Consultants Simat, Helliesen & Eichner of Cambridge, Mass., predicted that if the restrictions were lifted, Southwest Airlines would begin service quickly from Dallas to more than 40 cities including Chicago, St. Louis and San Jose, Calif.
Average fares to those cities would fall as other airlines matched Southwest's lower fares, the consultants said.
The consultant's study was commissioned by Dallas-Fort Worth International Airport, which favors a law that limits most commercial flights from Love Field to Texas and seven nearby states.
DFW Airport officials released a summary of the study two weeks ago, saying it bolstered their argument that repealing the law would hurt DFW by shifting hundreds of flights to Love Field, which is closer to downtown Dallas.
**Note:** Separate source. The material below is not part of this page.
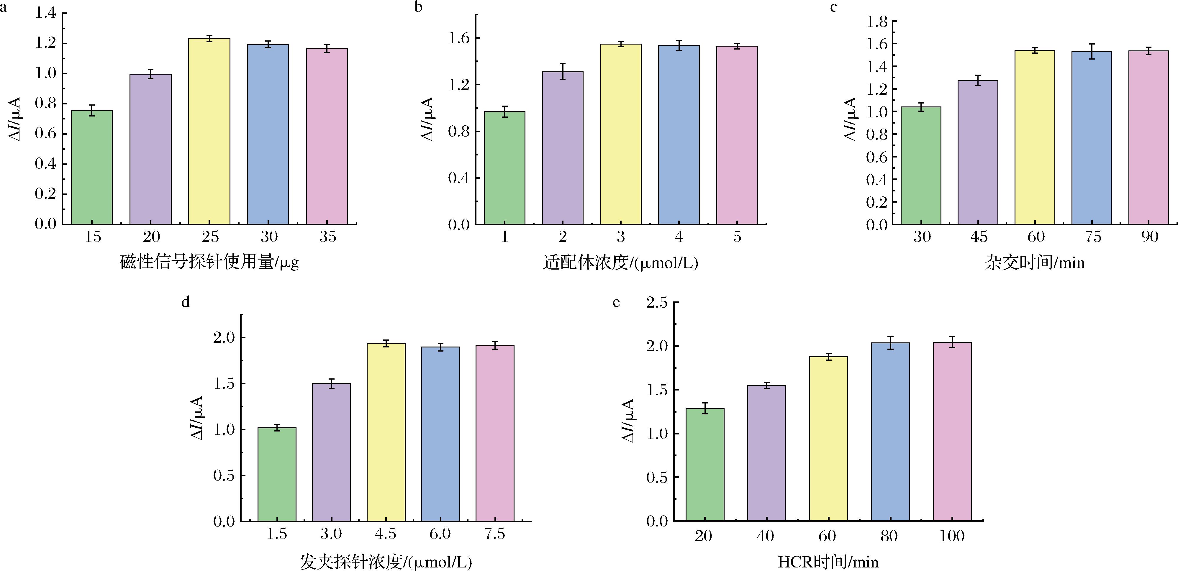 a-信号探针使用量;b-适配体浓度;c-杂交时间;d-发夹探针浓度;e-HCR时间

DFW Airport officials did not release the consultant's findings on fares until the Fort Worth Star-Telegram requested them from DFW's legal department, the newspaper reported in Friday's editions.
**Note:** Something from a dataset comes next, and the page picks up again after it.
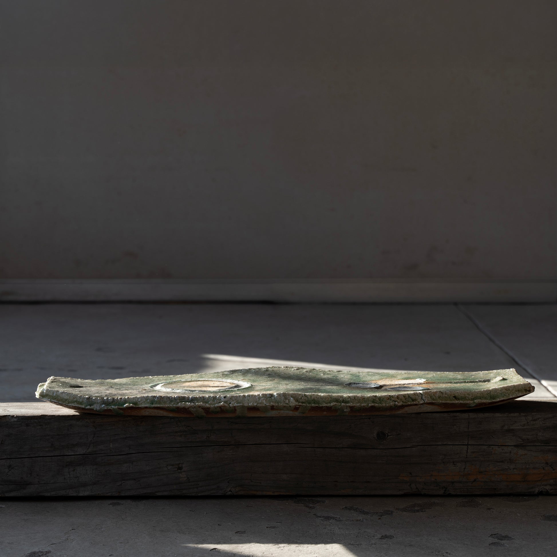 The grey and jade glaze on the piece gives a sense of ruggedness that pairs well with the Shigaraki clay underneath. Shigaraki ware is characterized by its iconic natural color gradient of browns and oranges. The surface often features rustic, rough and earthy textures caused by the existence of feldspar and quartz sand in the clay. You can still see the texture from the unglazed parts on the piece.

DFW Chief Operating Officer Kevin Cox denied trying to hide the fare findings.
"We just didn't think anyone was interested in 160 pages of voluminous material," he said.
"That's ludicrous," Southwest spokeswoman Beth Harbin said Friday. "Why wouldn't people be interested in information that could save them 50%? DFW only shared half the information."
On Thursday, two North Texas congressmen introduced legislation to repeal the Love Field limits, known as the Wright Amendment, saying the law hurt consumers by keeping air fares in the region artificially high.
But U.S. Rep. Joe Barton, a Republican from suburban Fort Worth and chairman of the House Energy and Commerce Committee, immediately said he would do whatever it took to keep the law on the books.
The Wright Amendment passed in 1979 and was designed to build up then-new DFW Airport by protecting it from competition by Love Field. Southwest remained neutral on the subject for years but began lobbying openly for the law's repeal late last year, calling it anti-consumer.
Southwest is the dominant carrier at Love Field and would be helped most by repeal of the Wright Amendment. American Airlines, a unit of Fort Worth-based AMR, dominates at DFW Airport and has lobbied to keep the restrictions at Love Field.